The last topic I wanted to explore with this data was specific players. Now since I don't want to be rude I won't be looking at players who drag viewership down but I do want to show you the most "popular" players, meaning the players who bring viewership above what it would normally be. So if we take a player named Topher. On average the third series of the day we see an increase in viewership of 30.13% but during all of Topher's third series of the day viewership increases only 15%, we know he's obviously not bringing in viewership, which we actually see in a few rare players. Now if we see another player named Chris and his third series increase is 45% we can see he brings in an estimated 50% increase than your average player. Please remember that this covers multiple years so a recent phenom like Neeb or ByuN isn't going to rate as high due to them playing in many tournaments prior to this year but hadn't reached the cult following they have now. Also since we want a large sample size players who only played a few tournaments each year obviously won't be included. The table shouldn't hold too many surprises but let's take a gander, here are the top 10 most popular players by how much more viewership increase they see than average. To read the chart it's pretty simple, when a series featuring Polt is playing on stream viewership the boost in viewership is 10.3%, so with that covered, here is the table:

Delta Increase

The names aren't surprising, Polt and Snute's popularity are the best among Korean and foreigners.

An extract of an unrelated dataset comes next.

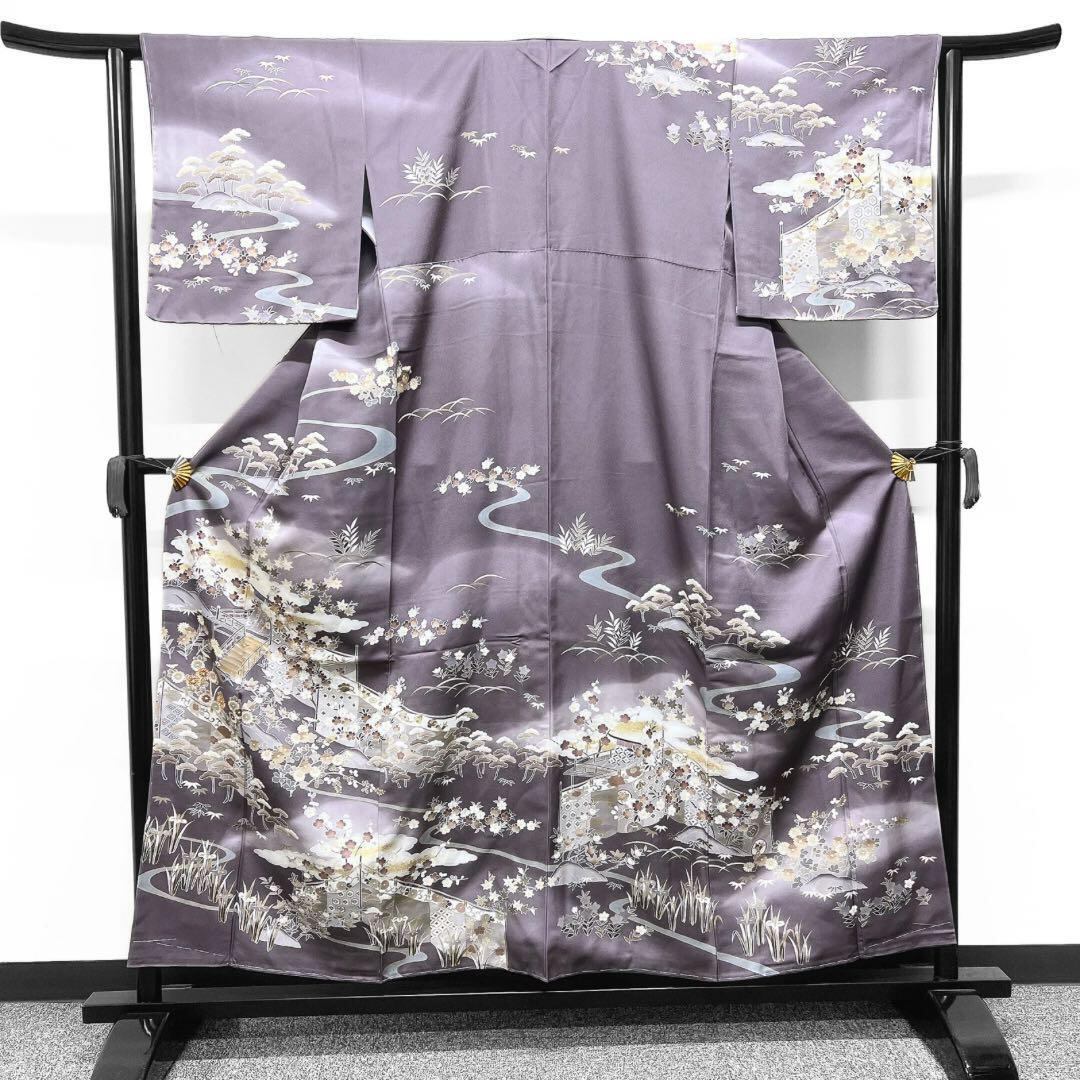 友禅の金駒刺繍が上前にあしらわれた訪問着です。

Life at his peak had a massive following and Stephano's popularity goes back a long ways. The Protoss masters MC, Zest and PartinG were fan favorites and the Tyrant's popularity was without question. Scarlett and INnoVation bringing up the rear may surprise a few but the machine and Canada's terror have followings of their own. The differences between Scarlett than the 20th ranked player is less than 1% so being excluded from this list is no insult, it was very close besides Polt at the top. Also for you Has fans, he's ranked 12th, everyone needs a little cheese in their life.

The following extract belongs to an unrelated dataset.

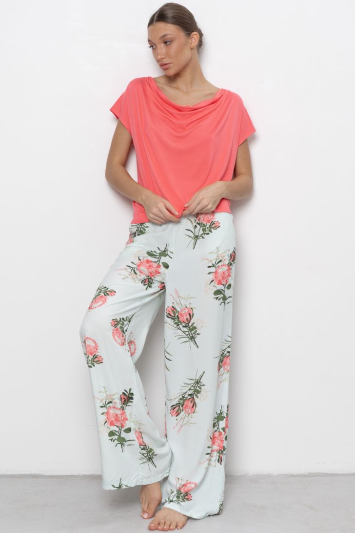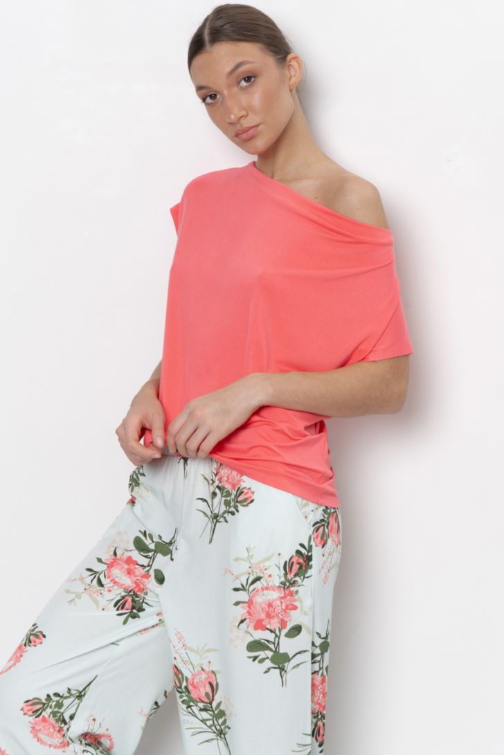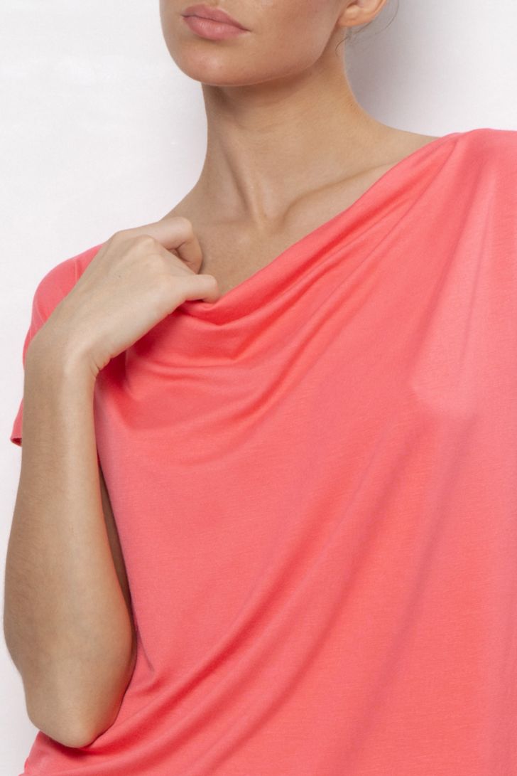 Футболка со спущенным рукавом, с естественно драпирующимся вырезом «лодочка». Модель свободного прилегания. Представлена в двух цветовых решениях. К данной модели предлагаем брюки и шорты из вискозного штапеля. "

This has been a very exciting study for me and educational as well. So when you wonder why this year's IEM Championship may not have had the same viewership as last year's, despite both having amazing games? Last year featured two of the most popular players in Starcraft 2's history (Polt and Snute) in the second most popular matchup (Terran versus Zerg) in the best regional matchup (European foreigner against a Korean). 2016's IEM World Championship was the perfect storm of factors. While tournament organizers don't rig brackets and such, it is clear that obviously some matchups and players are preferred. We are seeing that this year in the WCS and Korean leagues. The WCS qualifiers viewership is down by a decent margin and I'd look to the lack of matchups against "foreign" Koreans like Polt, Hydra, and viOLet. While TRUE is still the system he's just one player. Seeing Neeb crush Koreans in qualifers was a huge draw in last year's WCS. The opposite is true in the Korean qualifiers. This year has seen a large influx of foreigners into Korea to try and qualifier for their leagues. While there was always a Chinese contingent of players that numbers has grown as well as American and European players have moved to Korea. In the second season of GSL we even had two foreigners qualify in MajOr and Scarlett and had 11 foreigners attempt to qualify. This is also true for regions like China where players aren't seen often and when they face Koreans or NA/EU players the viewership boost is much higher than normal.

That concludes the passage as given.